▸ AIM OF THE TASK
Take the lines in the listing below from the line with "M 3 (資訊科技學習中心)" up to and including the line with "Los productos típicos" and set them down exactly, skipping pictures and adding nothing.
-------- MATERIALS PROVIDED --------
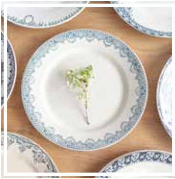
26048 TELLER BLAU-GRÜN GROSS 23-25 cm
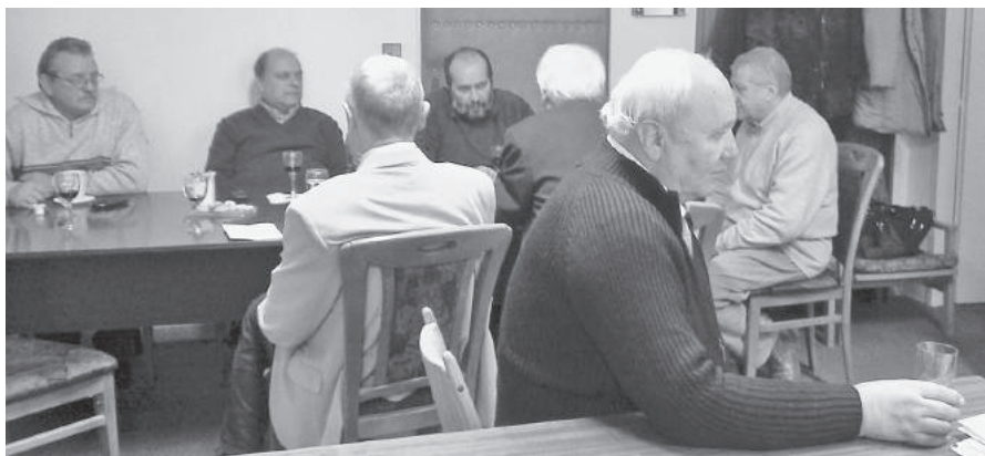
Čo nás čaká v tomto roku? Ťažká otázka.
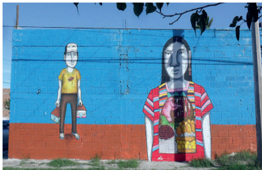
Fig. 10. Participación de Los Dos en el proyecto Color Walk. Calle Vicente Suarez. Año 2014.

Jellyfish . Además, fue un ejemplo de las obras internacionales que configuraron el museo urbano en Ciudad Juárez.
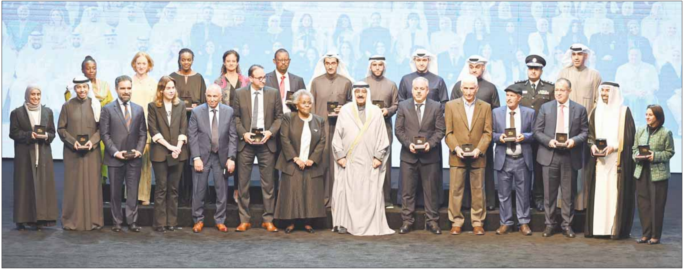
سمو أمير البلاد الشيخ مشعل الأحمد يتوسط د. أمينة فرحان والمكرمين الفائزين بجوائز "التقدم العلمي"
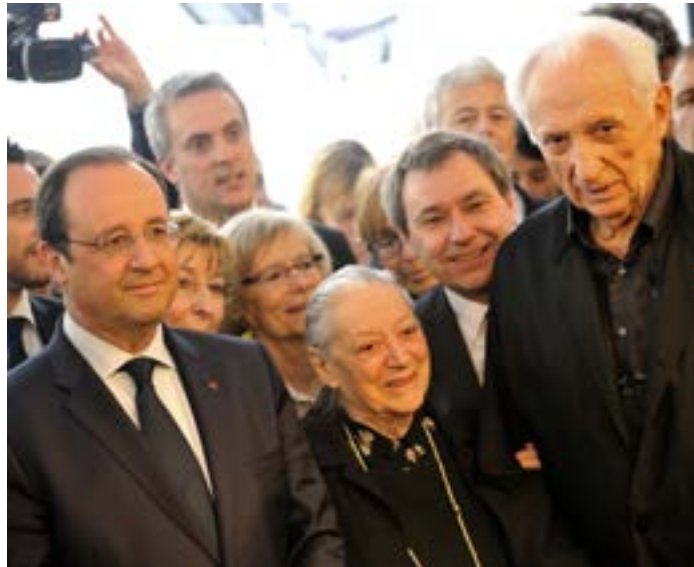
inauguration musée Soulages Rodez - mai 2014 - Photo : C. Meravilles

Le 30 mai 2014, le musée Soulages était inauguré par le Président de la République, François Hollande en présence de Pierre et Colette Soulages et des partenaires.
--------
-------- MATERIALS PROVIDED --------
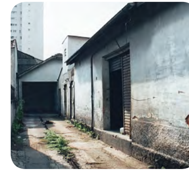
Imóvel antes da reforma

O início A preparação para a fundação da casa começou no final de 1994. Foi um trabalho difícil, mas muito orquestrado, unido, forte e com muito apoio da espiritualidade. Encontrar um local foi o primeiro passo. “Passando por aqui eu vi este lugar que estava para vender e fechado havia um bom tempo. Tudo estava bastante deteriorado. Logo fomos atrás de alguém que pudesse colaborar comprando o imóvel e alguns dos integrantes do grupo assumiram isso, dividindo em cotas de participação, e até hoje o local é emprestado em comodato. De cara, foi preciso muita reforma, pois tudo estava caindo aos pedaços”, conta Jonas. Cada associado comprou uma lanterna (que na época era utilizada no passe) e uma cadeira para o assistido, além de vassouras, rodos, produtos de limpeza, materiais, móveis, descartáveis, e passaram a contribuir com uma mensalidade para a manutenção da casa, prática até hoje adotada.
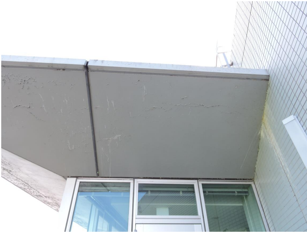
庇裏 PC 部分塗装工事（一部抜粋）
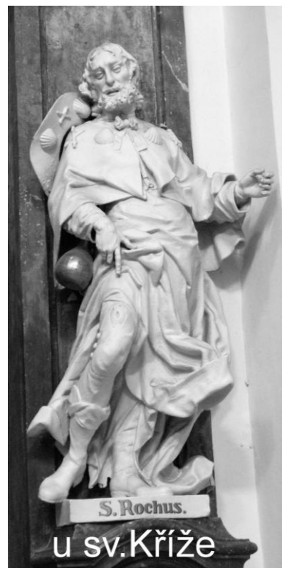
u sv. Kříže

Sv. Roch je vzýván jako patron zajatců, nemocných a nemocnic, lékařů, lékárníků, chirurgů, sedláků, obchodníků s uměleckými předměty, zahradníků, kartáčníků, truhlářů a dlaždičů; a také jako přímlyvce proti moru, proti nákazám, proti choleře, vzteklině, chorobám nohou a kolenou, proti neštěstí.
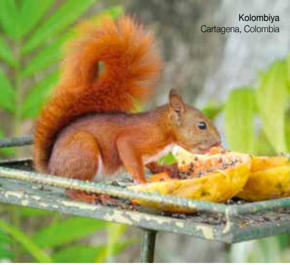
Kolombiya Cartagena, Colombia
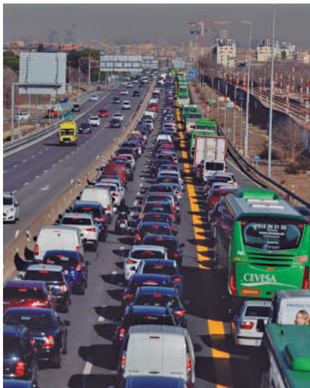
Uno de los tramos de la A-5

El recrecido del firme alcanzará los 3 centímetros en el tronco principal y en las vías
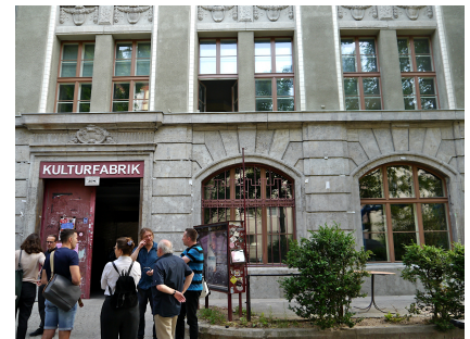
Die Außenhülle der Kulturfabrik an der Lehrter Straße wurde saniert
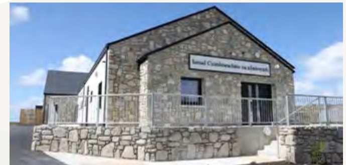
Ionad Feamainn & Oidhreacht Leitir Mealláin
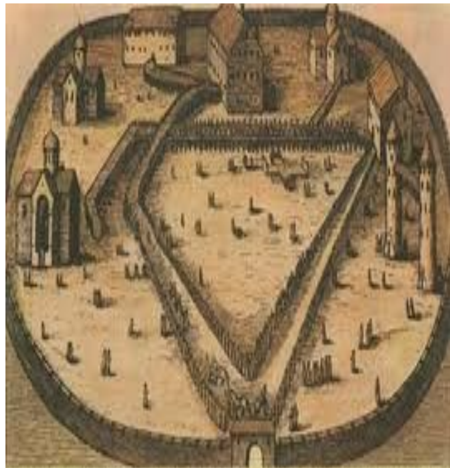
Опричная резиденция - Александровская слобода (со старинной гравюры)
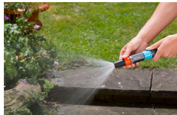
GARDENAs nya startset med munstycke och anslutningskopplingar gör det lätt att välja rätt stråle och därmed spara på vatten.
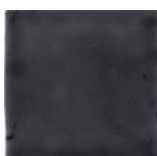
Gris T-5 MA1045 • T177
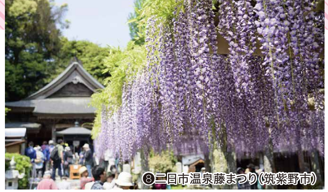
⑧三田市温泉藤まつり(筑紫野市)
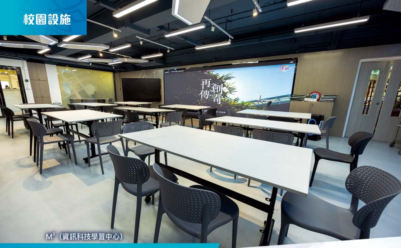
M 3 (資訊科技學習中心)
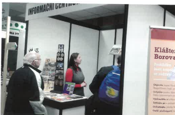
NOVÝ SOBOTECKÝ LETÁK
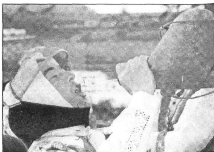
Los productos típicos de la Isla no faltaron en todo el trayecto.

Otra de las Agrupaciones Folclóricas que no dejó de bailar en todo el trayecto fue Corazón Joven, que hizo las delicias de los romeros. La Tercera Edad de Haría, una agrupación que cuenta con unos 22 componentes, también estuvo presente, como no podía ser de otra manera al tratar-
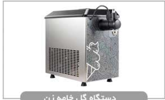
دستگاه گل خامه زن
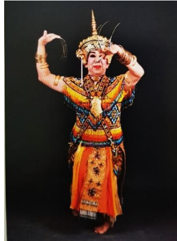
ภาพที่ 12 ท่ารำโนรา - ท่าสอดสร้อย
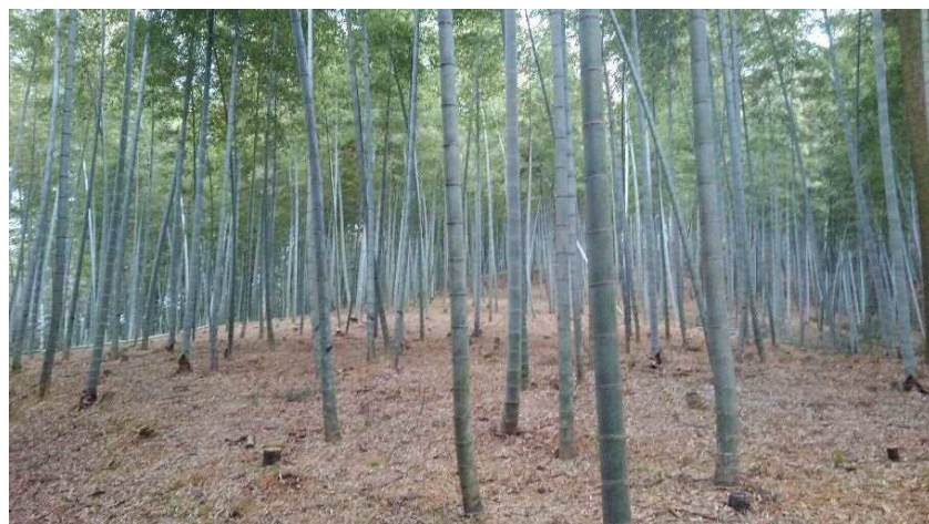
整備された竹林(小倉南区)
--------
▸ EXERCISE ANSWER
M 3 (資訊科技學習中心)
NOVÝ SOBOTECKÝ LETÁK
Los productos típicos de la Isla no faltaron en todo el trayecto.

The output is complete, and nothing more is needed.